Heidegger’s turning to Nazism as a solution to modern technocracy will, of course, go down in history as one of the all-time most misguided philosophical positions–right up there with Dostoevsky’s belief that Russia would be the last remaining country once everyone else became communist. The extent to which Heidegger was himself an anti-Semite is up for debate, as is the extent of his knowledge of what the Nazis were really up to. Some scholars argue that Being and Time contains in its pages the roots of an anti-Semitic fascism; I must confess that I don’t find it there.

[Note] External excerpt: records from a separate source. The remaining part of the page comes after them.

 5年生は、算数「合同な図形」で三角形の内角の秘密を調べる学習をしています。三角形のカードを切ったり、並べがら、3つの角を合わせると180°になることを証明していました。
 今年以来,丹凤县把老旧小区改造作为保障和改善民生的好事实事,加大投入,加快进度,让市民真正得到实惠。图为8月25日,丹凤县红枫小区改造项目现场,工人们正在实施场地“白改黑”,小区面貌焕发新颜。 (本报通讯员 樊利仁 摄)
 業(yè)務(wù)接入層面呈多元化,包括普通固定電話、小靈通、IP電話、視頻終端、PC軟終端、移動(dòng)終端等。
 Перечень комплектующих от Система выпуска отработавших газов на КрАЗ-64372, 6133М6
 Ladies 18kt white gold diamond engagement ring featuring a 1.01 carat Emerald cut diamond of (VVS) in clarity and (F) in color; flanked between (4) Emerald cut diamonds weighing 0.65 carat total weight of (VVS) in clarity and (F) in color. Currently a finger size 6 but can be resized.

More likely, the Nazis and Heidegger were influenced by some of the same sources, Germanic and otherwise. The most obvious place to look is the writings of Friedrich Nietzsche, whom both Hitler and Heidegger revered. However, even a cursory reading of Nietzsche reveals that he would never have approved of the Holocaust–in fact, in Ecce Homo, he states explicitly that Jews are superior to Germans. Hitler’s concept of the über-mensch is based on a misreading of Nietzsche’s work; Heidegger, clearly intellectually superior to Hitler, would not have made this mistake. (Full disclosure: I’ve not read Heidegger’s book on Nietzsche.)

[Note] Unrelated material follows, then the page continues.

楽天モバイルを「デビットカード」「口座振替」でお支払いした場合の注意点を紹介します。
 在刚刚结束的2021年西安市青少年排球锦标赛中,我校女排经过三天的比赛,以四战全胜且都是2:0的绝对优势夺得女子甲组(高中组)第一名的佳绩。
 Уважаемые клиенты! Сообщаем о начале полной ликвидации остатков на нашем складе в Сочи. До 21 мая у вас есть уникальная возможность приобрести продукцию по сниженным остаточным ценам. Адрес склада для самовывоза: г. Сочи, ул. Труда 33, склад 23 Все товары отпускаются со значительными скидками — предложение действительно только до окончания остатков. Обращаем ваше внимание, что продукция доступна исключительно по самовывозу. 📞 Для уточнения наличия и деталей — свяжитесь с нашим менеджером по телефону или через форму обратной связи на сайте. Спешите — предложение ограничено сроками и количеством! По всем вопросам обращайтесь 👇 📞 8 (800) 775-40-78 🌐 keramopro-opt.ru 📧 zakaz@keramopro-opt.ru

That’s my take on things, anyway; as I said, I don’t really know that much about Nazi ideology beyond what any educated person picks up along the way, and I’m no expert on Heidegger, either. I hope these loose thoughts explain things a little further to Ben–and I hope he’ll forgive me for taking three months to answer his email. And I’m open to correction from Nathan Gilmour or anyone else who knows Heidegger better than I do.

* Dasein (German for “being-there”) is the word Heidegger uses instead of the more customary self, a substitution that emphasizes the individual’s position in the world; in other words, Heidegger says Dasein at least in part to avoid creating a Cartesian mind/world split. There is no cogito, ergo sum for Heidegger; I am always already in the world. It should be understood that if I use the words self or individual in this post, I use them to mean Dasein and not Enlightenment concepts of selfhood.
3 thoughts on “Heideggerian Clarifications: A Response to Ben Mordecai”
  1. Thanks for the post. This sentence: “if, as Kierkegaard tells us, life must be lived forward and understood backward, death keeps us from having a whole view of our lives” is one of the clearest statements of the problem posed by being situated in time and having knowledge of death that I’ve seen. It’s a concept I’ve been wrestling with recently reading the work of Paul Ricoeur who is, of course, approaching the question through Heidegger. Sometimes it feels like trying to look through a dark glass in order to see through another glass darkly:)

  2. It is my observation that Christians who have moved from fundamentalism to a more progressive faith actually have more of an understanding of the resurrected life being the “NOW” and find themselves less anxious about death being dark, even an unknown.

    Fundamentalism seems to want to interpret our “citizenship in heaven” and the Bible as a clear view and brochure as to what waits on the other side. Whereas, the resurrected now views being and the nothing as with God.